SEO Basics: The Hilltop Algorithm

Hilltop

attrib(flickr/Storm Crypt)

When Larry Page and Sergey Brin founded the Google search engine, their core insight was implemented as the PageRank algorithm. Put simply, PageRank determines where a page should rank in the SERPs based on the PageRank of incoming links from other sites — it’s a recursive algorithm. The higher the PageRank, the greater the assumed authority of a particular site. That authority can then be combined with a keyword analysis of a page and that combination is then to devise a ranking of pages in response to a search query.

Thus, PageRank is a proxy measure of authority. Google algorithms weren’t, and still aren’t, for the most part, capable of determining whether a page is authoritative for a particular search query by looking at the page content. PageRank, as anyone who used early search engines knows, was an enormous improvement on previous efforts, but it is far from perfect, and it opened up opportunities for gaming the system with various link-building tactics.

PageRank also has another flaw. The determination of authority and the determination of query relevance are separate processes. PageRank determines an overall measure of authority, but not a measure of authority for a particular topic. First, relevant results are found based on a page’s content, and then those are ranked according to their perceived authority. The chink in the armor here is that a page can be topically relevant for a search query — i.e. contain relevant keywords and semantically related terms — and have a high PageRank, but may not be authoritative for the topic in question. This problem is especially noticeable for broad search terms.

For example, suppose I am a connoisseur of nonsense poetry, like Lewis Carroll’s Jabberwocky, and I have a site where I publish such poetry about my everyday experiences, including my work as an SEO. I’m a wonderful nonsense poet; my work is very popular, and has many incoming links from poetry sites with a high PageRank. Because my poems contain lots of SEO-related keywords, and a high PageRank, they would end up ranking well when people are searching for SEO tips, even though they aren’t at all relevant to those people.

The Hilltop Algorithm, developed by Krishna Bharat, and acquired by Google in 2004, implements a solution to this difficulty. Hilltop makes two assumptions. Firstly, that there are ‘Expert’ pages that contain a lot of links to the best resources on a topic without having a direct affiliation with those resources. Secondly, that there are Authority pages that many of the Expert pages will link to. Once a database of Expert pages has been built, Authority pages can be discovered, and it can be assumed that those pages, and the pages they link to are both authoritative and relevant to the query in question.

In the case of our example, my nonsense poems might be considered Authority pages for nonsense poetry because they are linked to by lots of Expert pages on poetry, but they will no longer rank well for SEO terms, because Expert pages that link to lots of SEO resources and the Authority pages that those Expert pages link to will not include links to my poetry.

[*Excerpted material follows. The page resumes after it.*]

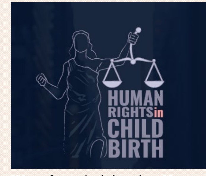
Was founded in the Hague in 2012 with the vision to protect and fulfil the full spectrum of women's rights in pregnancy and childbirth.

A lot of Social movements struggle to change childbirth practices

Now, the Hilltop algorithm is has been in use for a decade, and I can imagine some of you out there shouting:’old news!’, and you’d be right. Google’s algorithms have moved on leaps and bounds in the intervening years, especially with Panda and Penguin, but, understanding Hilltop is instructive because it helps explain why some link-building strategies practiced by less than scrupulous SEOs are worthless.

Some SEOs like to pretend that ‘a link is a link is a link’, and will sell packages to unsuspecting businesses based on a claim that 1000 links put wherever they can be is a good SEO tactic. And some business people fall for this, because a rapidly growing number of incoming links is an impressive metric. However, as you can see from the above explanation, incoming links are not in any sense equal, and even links from high PageRank sites aren’t going to help a page in the SERPS if those sites are not topic relevant.